现在，您没有检查“所有元素是否具有相同的值”。每当（第一次）两个元素彼此相等时，您将结束该函数并返回 true。当您有两个不相等的元素时，为什么不将布尔值设置为 true 并返回 false 呢？这样你就可以保留大部分已经拥有的东西。

if(input[i+1]!=compare) return false;

if(input[i+1]!=compare) return false;

public class Answer {

    public static void main(String[] args)
    {
        boolean compare = false;
        int count = 0;
        int[] denominator = { 3, 3, 4, 3 };


        for (int i = 0; i < denominator.length; i++)
        {
            if(denominator[0] != denominator[i]) 
            {
                count++;
            }
        }
        if(count > 0)
        {
            compare = false;
        } else
        {
            compare = true;
        }
        System.out.println(compare);

    }
}

One mistake that I noticed right of the bat was that you declared your array as Int[], which is not a java keyword it is in fact int[]. This code checks your array and returns false if the array possesses values that are not equal to each other. If the array possesses values that are equal to each other the program returns true.

我注意到的一个错误是你将数组声明为 Int[]，这不是一个 java 关键字，它实际上是 int[]。此代码检查您的数组，如果数组具有彼此不相等的值，则返回 false。如果数组具有彼此相等的值，则程序返回 true。

If an array elements are equal you only need to compare the first element with the rest so a better solution to your problem is the following:

如果数组元素相等，则只需将第一个元素与其余元素进行比较，因此对您的问题的更好解决方案如下：

public static boolean bruteforce(int[] input) {
     for(int i = 1; i < input.length; i++) {
         if(input[0] != input[i]) return false;
     }

     return true;
}

You don't need more than one loop for this trivial algorithm. hope this helps.

对于这种微不足道的算法，您不需要超过一个循环。
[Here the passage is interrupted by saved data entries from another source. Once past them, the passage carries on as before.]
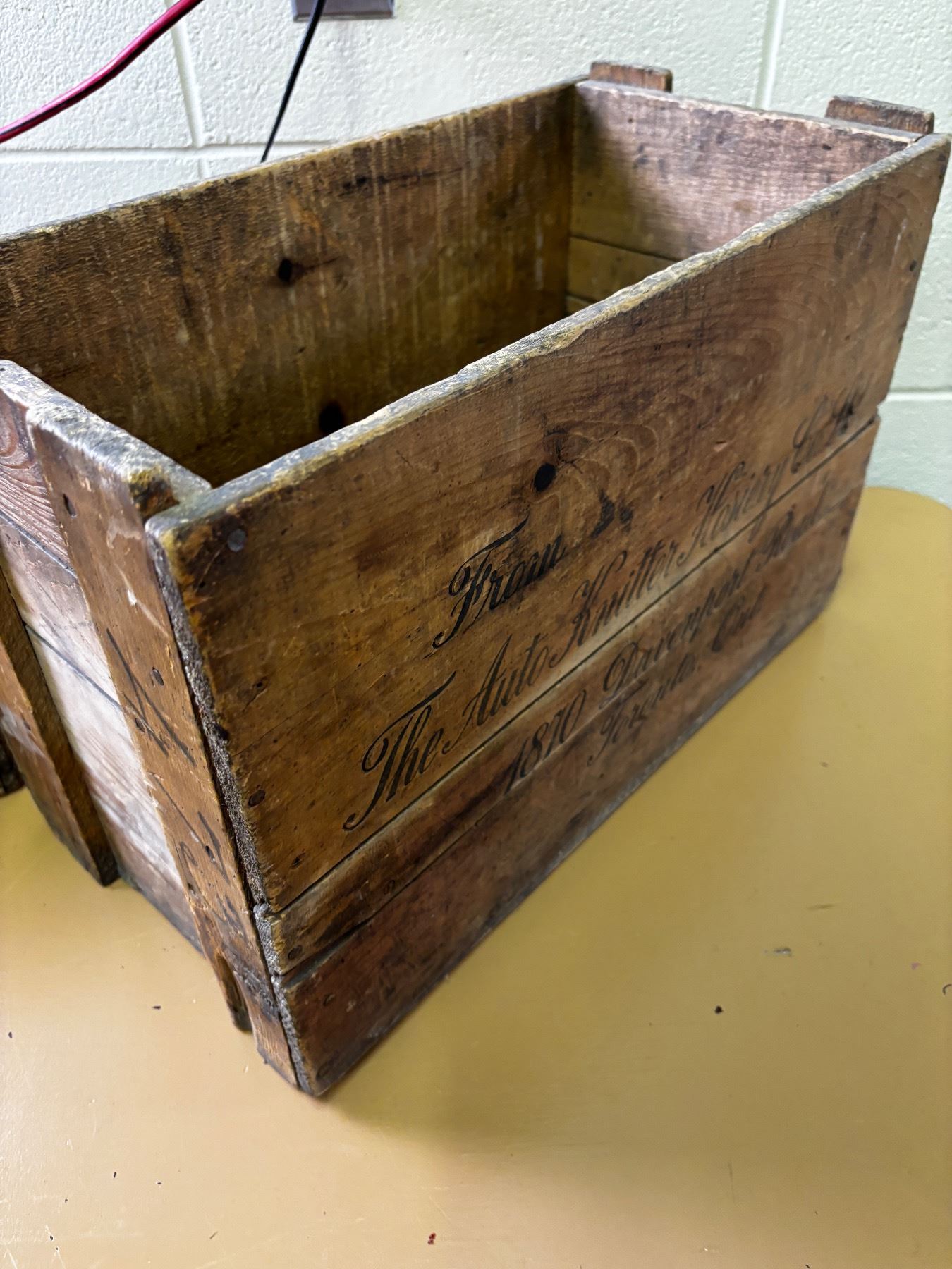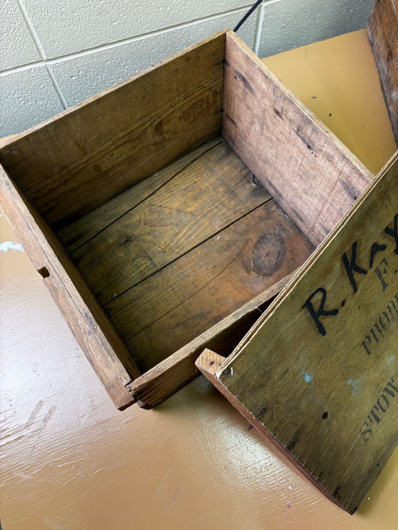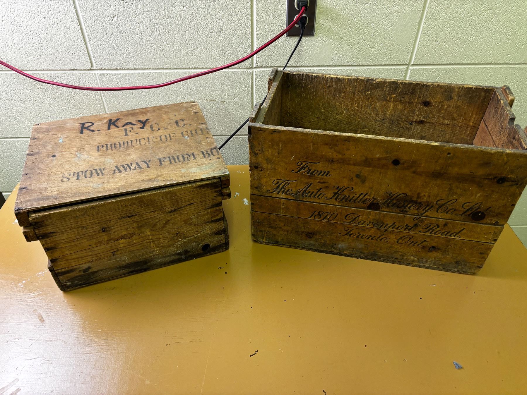 One crate has sharpie markings, Largest is 19"L x 10"W x 12.5"H
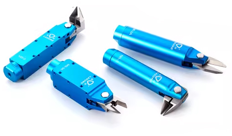 Пневмокусачки — это специализированный инструмент с пневматическим приводом, разработанный для высокоскоростной и точной обрезки литниковой системы, удаления технологических облоев и заусенцев на пластиковых изделиях после процесса литья под давлением. Их конструкция идеально подходит как для интеграции в роботизированные ячейки, манипуляторы и автоматические комплексы, так и для ручного применения оператором. Также используются для резки проволоки.
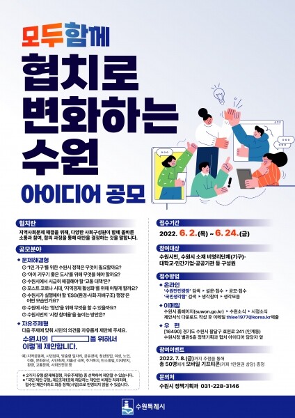 ‘모두함께 협치로 변화하는 수원’을 주제로 ‘문제해결형’, ‘자유주제형’ 등 2개 분야에서 아이디어를 공모한다.
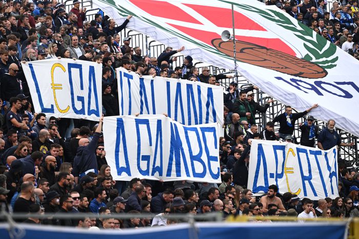 A Como legfanatikusabb tifói tovább mentek, és egy csípős transzparenst is kifeszítettek a témában, szójátékkal élve: L€ga Italiana: legs spread o-P€rth, ami úgy fordítható, hogy

希望这可以帮助。

If you want to check if all elements are of same valuethen you can do it in a simpler way,

如果您想检查所有元素是否具有相同的值，那么您可以以更简单的方式进行，

int arr = {3,4,5,6};

int value = arr[0];


flag notEqual = false;

for(int i=1;i < arr.length; i++){

     if(!arr[i] == value){
           notEqual = true;
           break;
     }

}

if(notEqual){
     System.out.println("All values not same");
}else{
     System.out.println("All values same);
}

If you're interested in testing array equality (as opposed to writing out this test yourself), then you can use Arrays.equals(theArray, theOtherArray).

如果您对测试数组相等性（而不是自己编写此测试）感兴趣，那么您可以使用Arrays.equals(theArray, theOtherArray).

Try,

尝试，

Integer[]    array = {12,12,12,12};
Set<Integer> set   = new HashSet<Integer>(Arrays.asList(array));
System.out.println(set.size()==1?"Contents of Array are Same":"Contents of Array are NOT same");

Explanation:

解释：

Add the array to a set and check the size os set , if it is 1 the contents are same else not.

将数组添加到一个集合并检查大小 os set ，如果它是 1 内容相同，否则不。